The "special characters" are:
+ * ? . [ ] ^ $

The period (.) matches any character except the newline.
A set of characters enclosed in brackets ([]) is a one-character RE that matches any of the characters in that set. Example: "[akm]" matches either an "a", "k", or "m". A range of characters can be indicated with a dash. Example: "[a-z]" matches any lower-case letter. However, if the first character of the set is the caret (^), then the RE matches any character except those in the set. It does not match the empty string. Example: [^akm] matches any character except "a", "k", or "m". The caret loses its special meaning if it is not the first character of the set.

The following rules can be used to build a multi-character RE.

A one-character RE followed by an asterisk (*) matches zero or more occurrences of the RE. Hence, [a-z]* matches zero or more lower-case characters.
A one-character RE followed by a plus (+) matches one or more occurrences of the RE. Hence, [a-z]+ matches one or more lower-case characters.
A question mark (?) is an optional element. The preceding RE can occur zero or once in the string – no more. For example, xy?z matches either xyz or xz.
The concatenation of REs is an RE that matches the corresponding concatenation of strings. For example, [A-Z][a-z]* matches any capitalized word.

Finally, the entire regular expression can be anchored to match only the beginning or end of a line:

If the caret (^) is at the beginning of the RE, then the matched string must be at the beginning of the line.
If the dollar sign ($) is at the end of the RE, then the matched string must be at the end of the line.

The following escape codes can be used to match control characters:

`\b`	backspace
`\e`	`ESC` (escape)
`\f`	formfeed
`\n`	newline
`\r`	carriage return
`\t`	tab
`\xddd`	the literal hex number `0xdd`
`\ddd`	the literal octal number `ddd`
`\^C`	Control code.

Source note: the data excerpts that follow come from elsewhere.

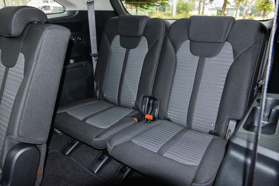 A single button on the kerbside middle-row seat base causes the 60 per cent portion to tilt forward and slide forward at once, to open up access to the rearmost seats. These are best saved for kids. Handy to have, but likely as backups.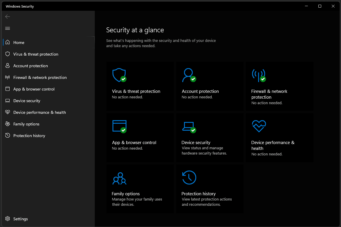 Figure: You want green ticks on these 5 settings Users are often exposed to viruses on their machines. Virus scans help identify and remove potential threats on your machine. Windows comes with built-in protection called virus and threat protection that is suitable for most situations.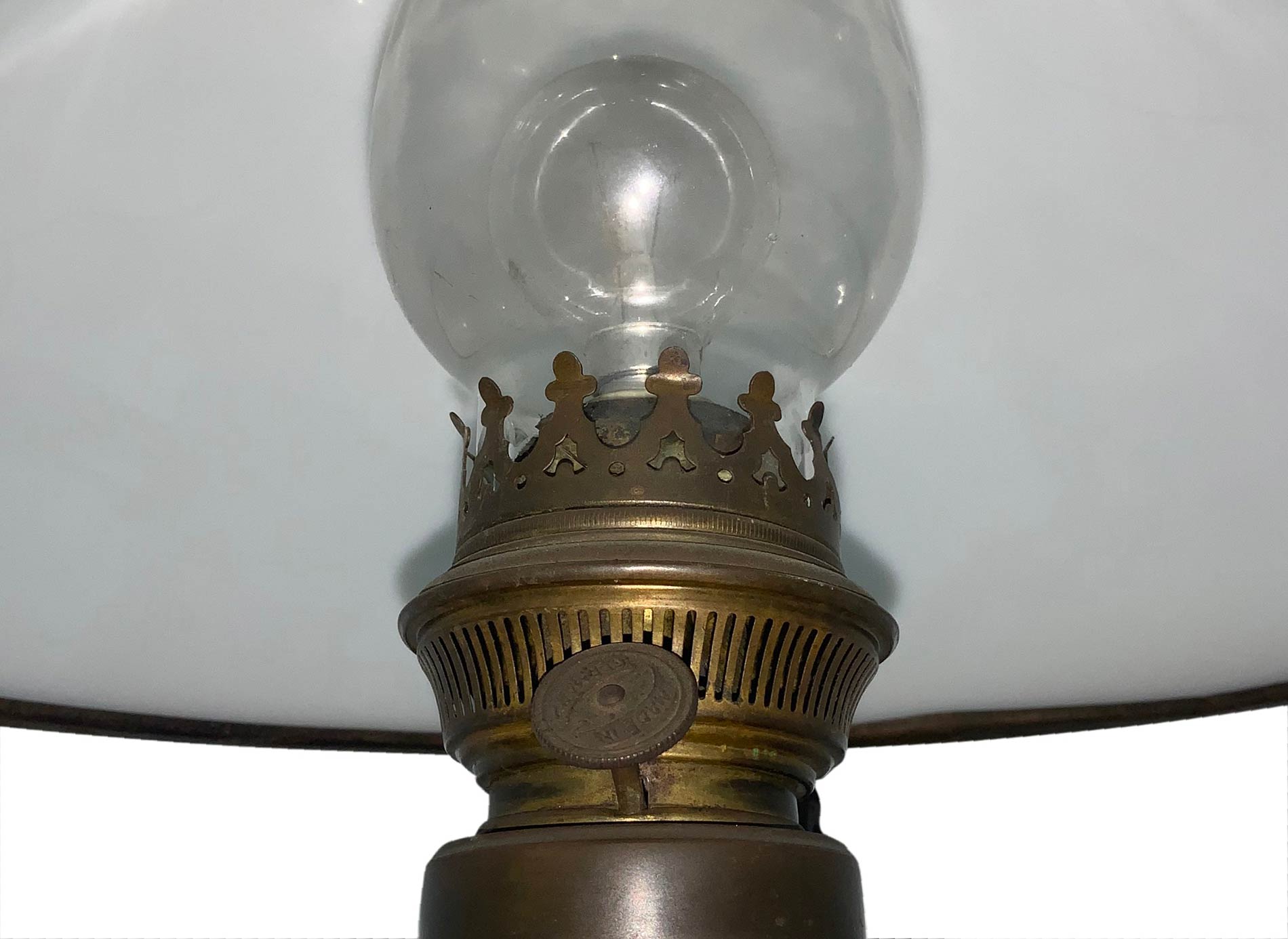 Lampadario in ottone con diffusore in vetro opalino bianco. Inizi XX secolo. H cm 102, diametro Cm 45

For example, \c ^D is "control-D"

The most frequent problem with using this class is specifying a backslash character to be parsed. If you are attempting to parse a regular expression that contains backslashes, you must be aware that the C++ compiler and the regular expression constructor both assume that any backslashes are intended to escape the following character. Thus, to specify a regular expression that exactly matches "a\a", you would have to create the regular expression using four backslashes as follows: the regular expression needs to see "a\\a", and for that to happen, the compiler would have to see "a\\\\a".

RWCRegexp reg("a\\\\a");
                ^|^|
                 1 2

The backslashes marked with a ^ are an escape for the compiler, and the ones marked with | are seen by the regular expression parser. At that point, the backslash marked 1 is an escape, and the one marked 2 is actually put into the regular expression.

Similarly, if you really need to escape a character, such as a '.' you have to pass two backslashes to the compiler:

RWCRegexp regDot("\\.")

^|

Once again, the backslash marked ^ is an escape for the compiler, and the one marked with | is seen by the regular expression constructor as an escape for the following '.'.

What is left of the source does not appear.